• [Directions for this task]: For this task, output exactly the lines of the material below starting at the line with "The significant liquidity" and ending at the line with "Odkrijte popolno ravnotežje"; pictures are to be excluded.

• [Excerpted records]:
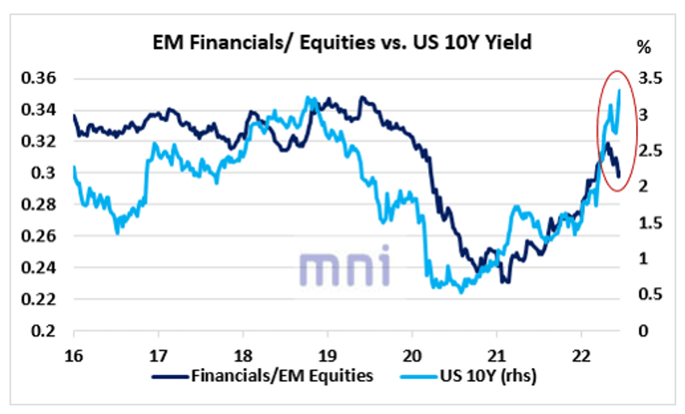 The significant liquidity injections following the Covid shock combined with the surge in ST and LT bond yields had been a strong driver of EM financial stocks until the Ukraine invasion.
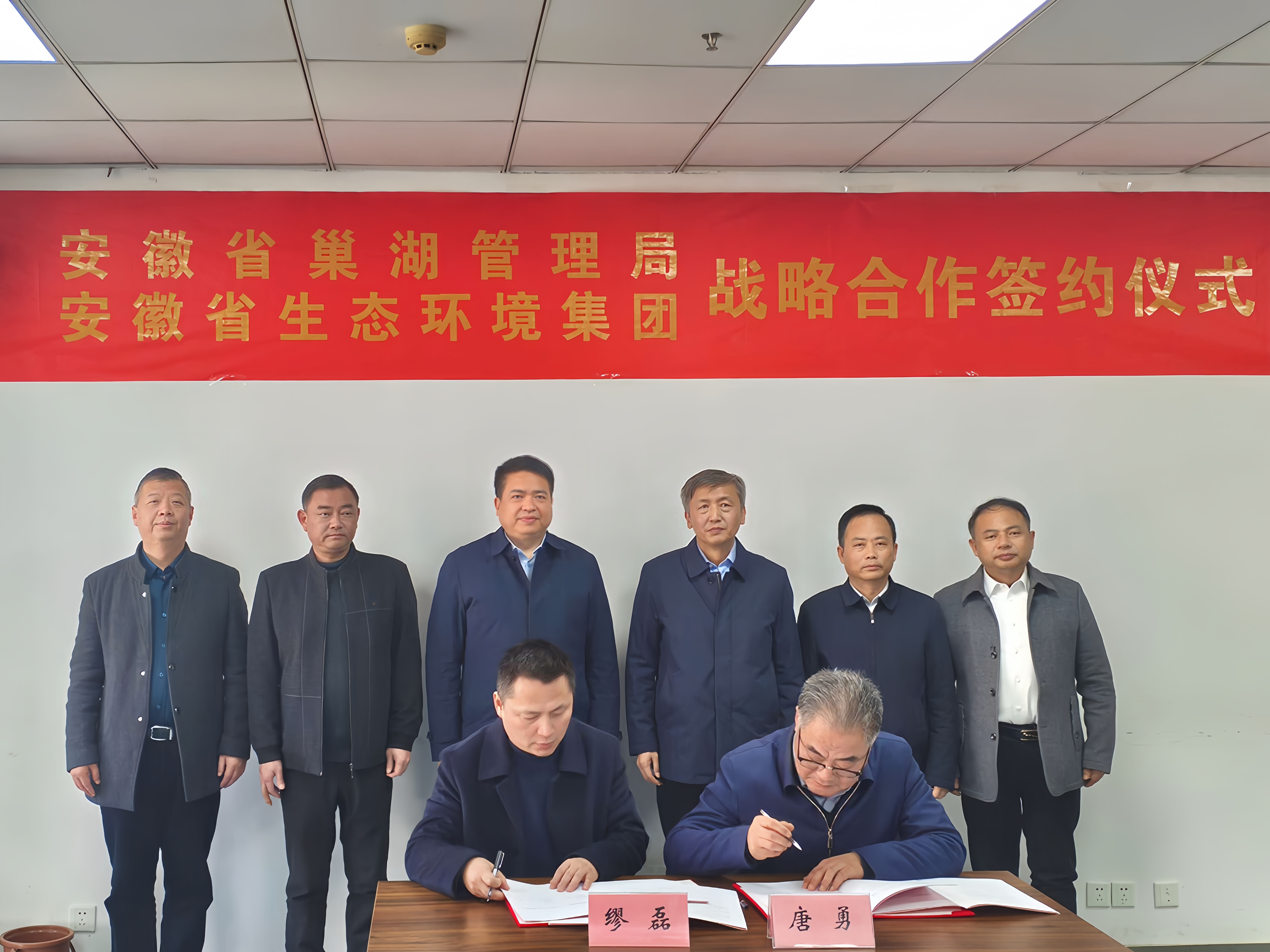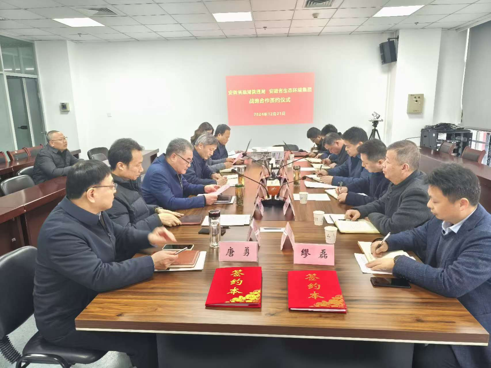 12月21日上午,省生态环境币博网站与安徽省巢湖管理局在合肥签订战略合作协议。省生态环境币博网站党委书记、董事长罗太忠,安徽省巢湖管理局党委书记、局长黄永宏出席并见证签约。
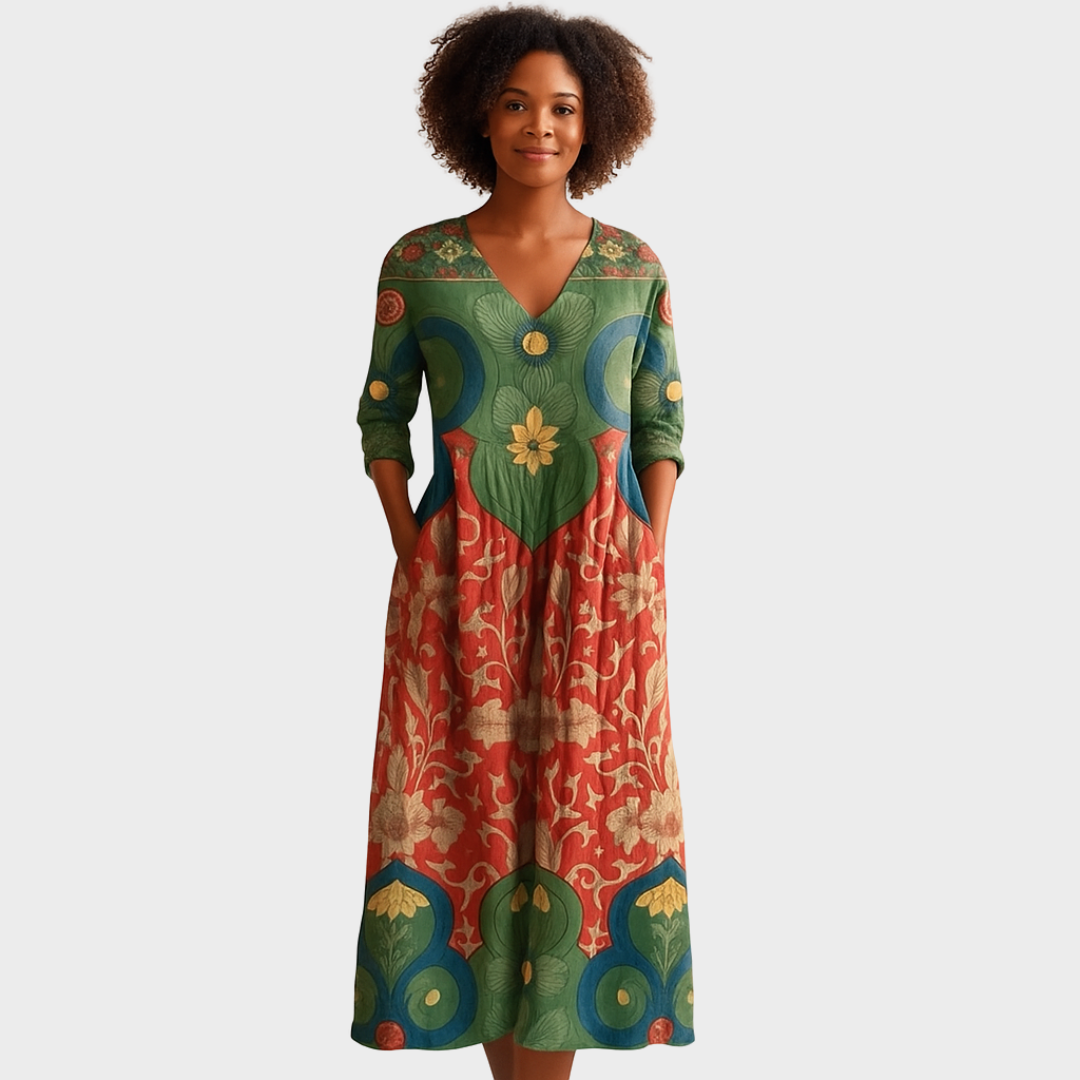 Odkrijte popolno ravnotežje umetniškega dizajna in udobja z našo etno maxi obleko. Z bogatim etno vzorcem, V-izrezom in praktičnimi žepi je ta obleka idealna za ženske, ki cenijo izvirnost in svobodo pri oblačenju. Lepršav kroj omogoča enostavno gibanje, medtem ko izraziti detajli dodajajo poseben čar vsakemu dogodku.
---
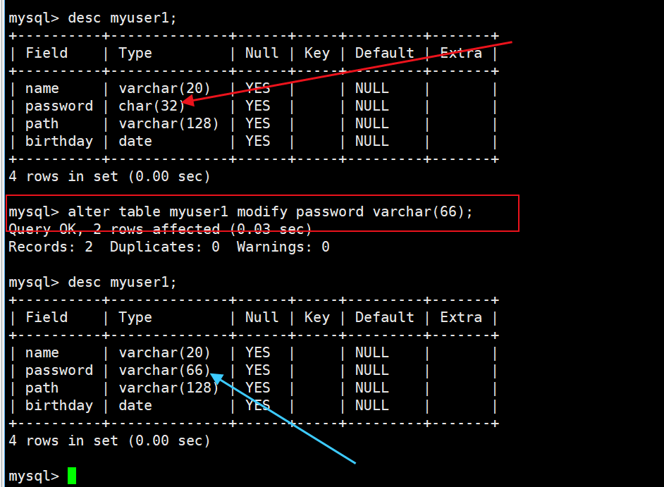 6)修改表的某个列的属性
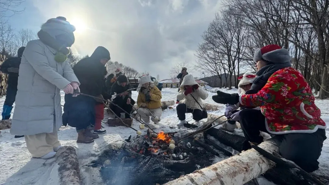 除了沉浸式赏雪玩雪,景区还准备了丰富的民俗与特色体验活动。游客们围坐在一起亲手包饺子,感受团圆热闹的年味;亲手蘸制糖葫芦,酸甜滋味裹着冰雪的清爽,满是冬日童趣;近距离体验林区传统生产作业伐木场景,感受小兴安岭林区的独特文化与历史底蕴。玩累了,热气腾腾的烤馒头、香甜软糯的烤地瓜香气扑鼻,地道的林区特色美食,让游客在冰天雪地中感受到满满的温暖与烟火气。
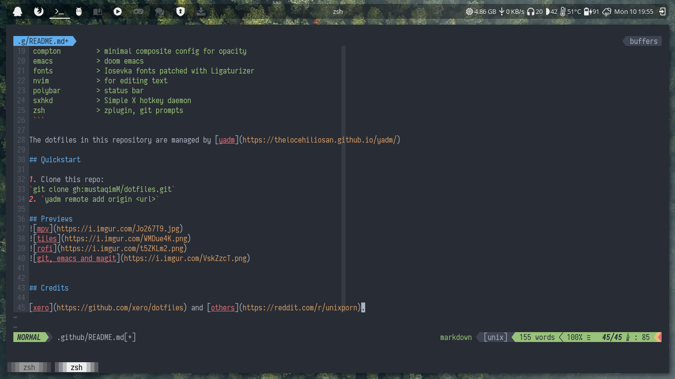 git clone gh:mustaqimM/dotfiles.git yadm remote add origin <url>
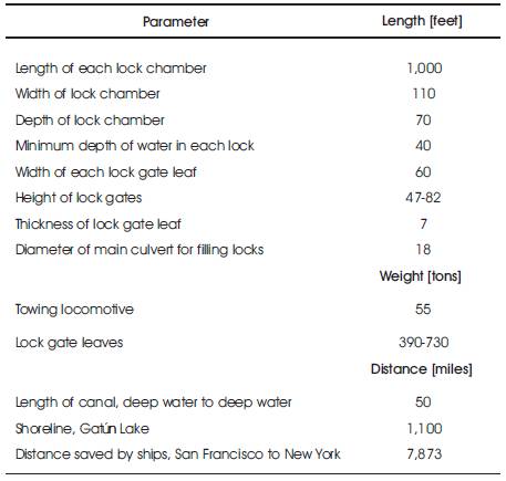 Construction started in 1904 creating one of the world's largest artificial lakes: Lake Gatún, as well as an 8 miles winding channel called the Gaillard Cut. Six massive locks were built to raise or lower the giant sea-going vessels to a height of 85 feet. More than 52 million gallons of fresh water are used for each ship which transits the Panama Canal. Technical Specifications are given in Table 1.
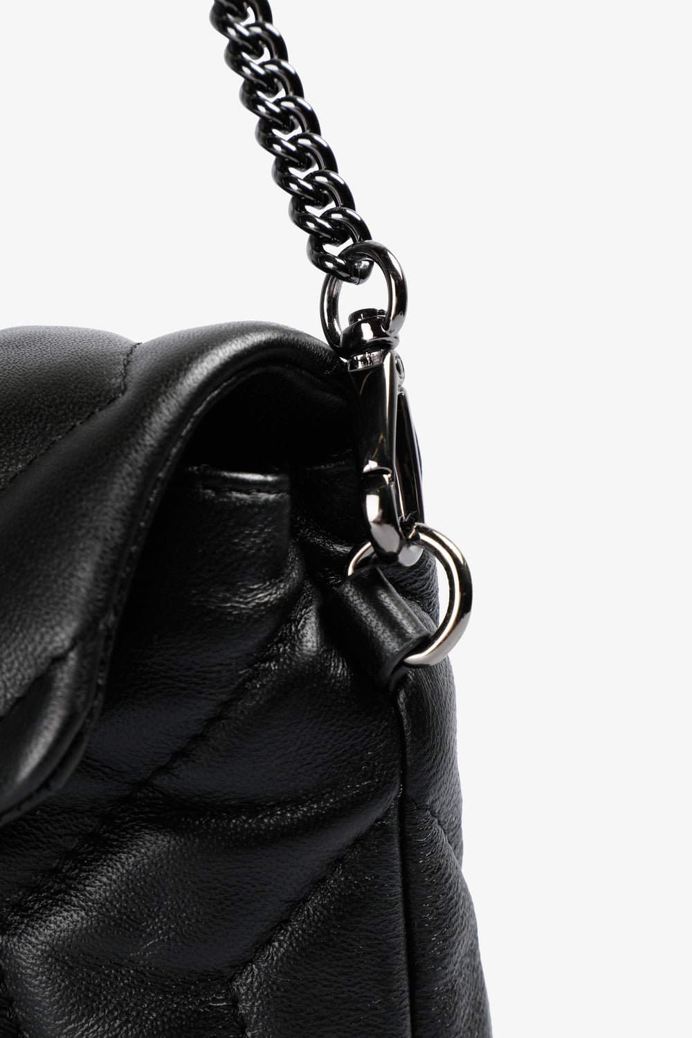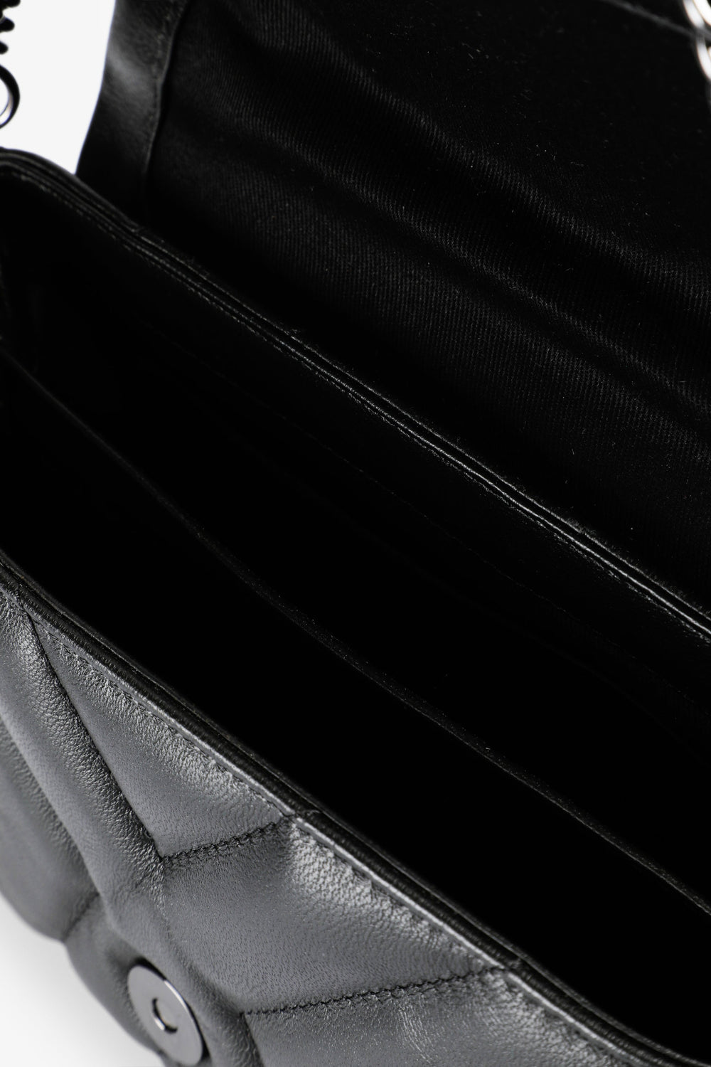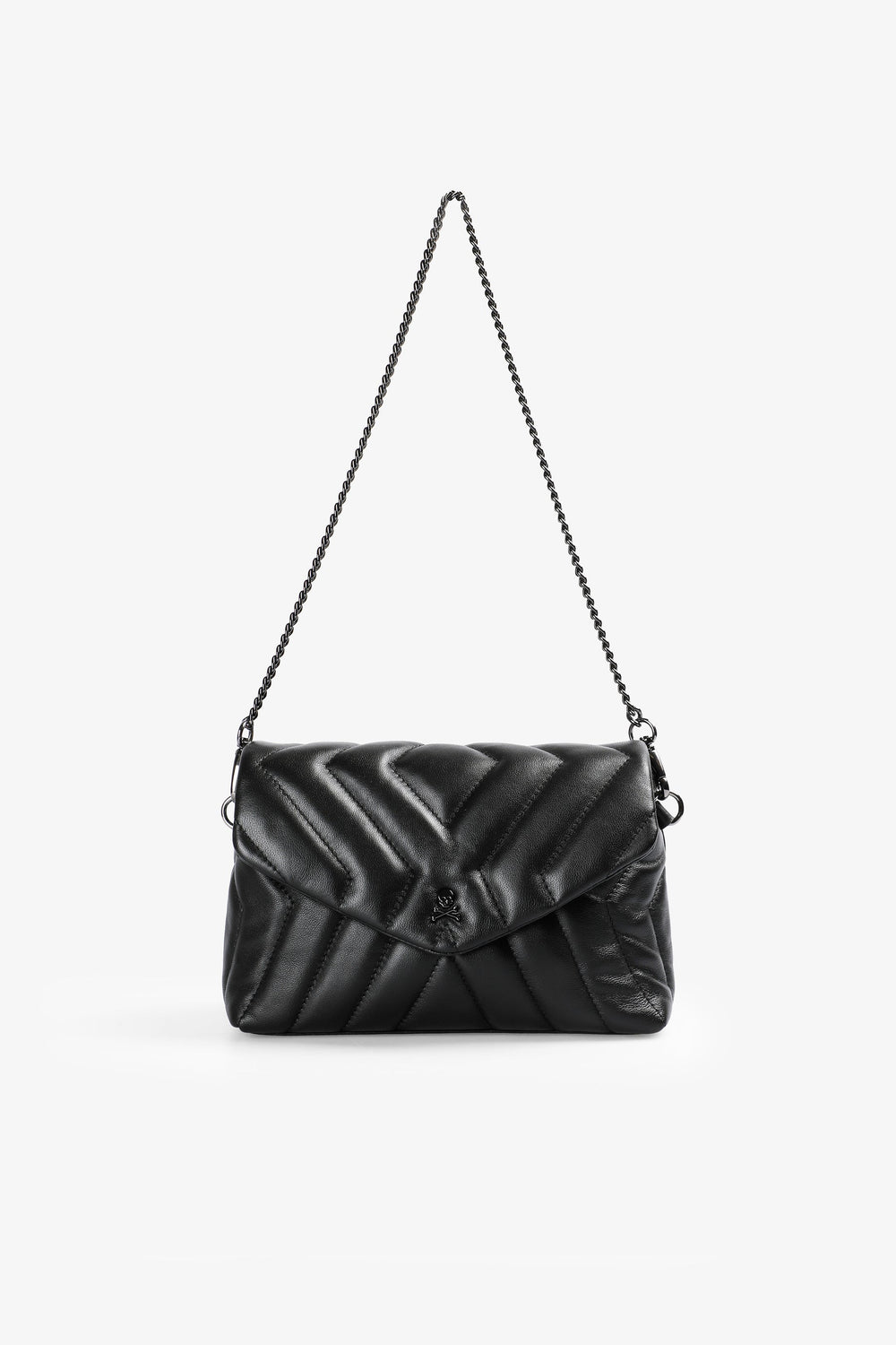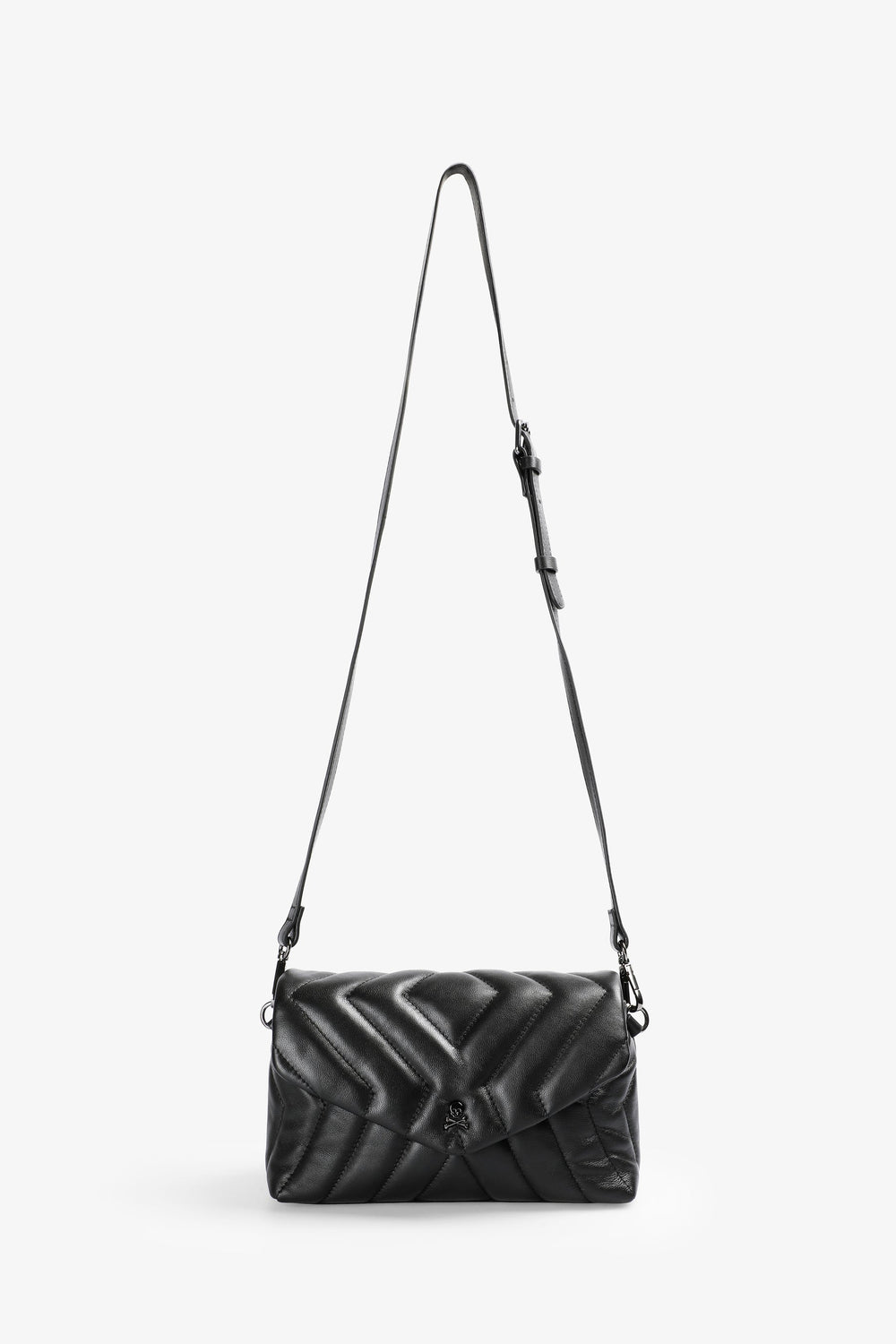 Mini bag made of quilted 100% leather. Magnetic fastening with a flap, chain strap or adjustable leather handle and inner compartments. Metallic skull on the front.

• [Answer to the exercise]:
 The significant liquidity injections following the Covid shock combined with the surge in ST and LT bond yields had been a strong driver of EM financial stocks until the Ukraine invasion.
 12月21日上午,省生态环境币博网站与安徽省巢湖管理局在合肥签订战略合作协议。省生态环境币博网站党委书记、董事长罗太忠,安徽省巢湖管理局党委书记、局长黄永宏出席并见证签约。
 Odkrijte popolno ravnotežje umetniškega dizajna in udobja z našo etno maxi obleko. Z bogatim etno vzorcem, V-izrezom in praktičnimi žepi je ta obleka idealna za ženske, ki cenijo izvirnost in svobodo pri oblačenju. Lepršav kroj omogoča enostavno gibanje, medtem ko izraziti detajli dodajajo poseben čar vsakemu dogodku.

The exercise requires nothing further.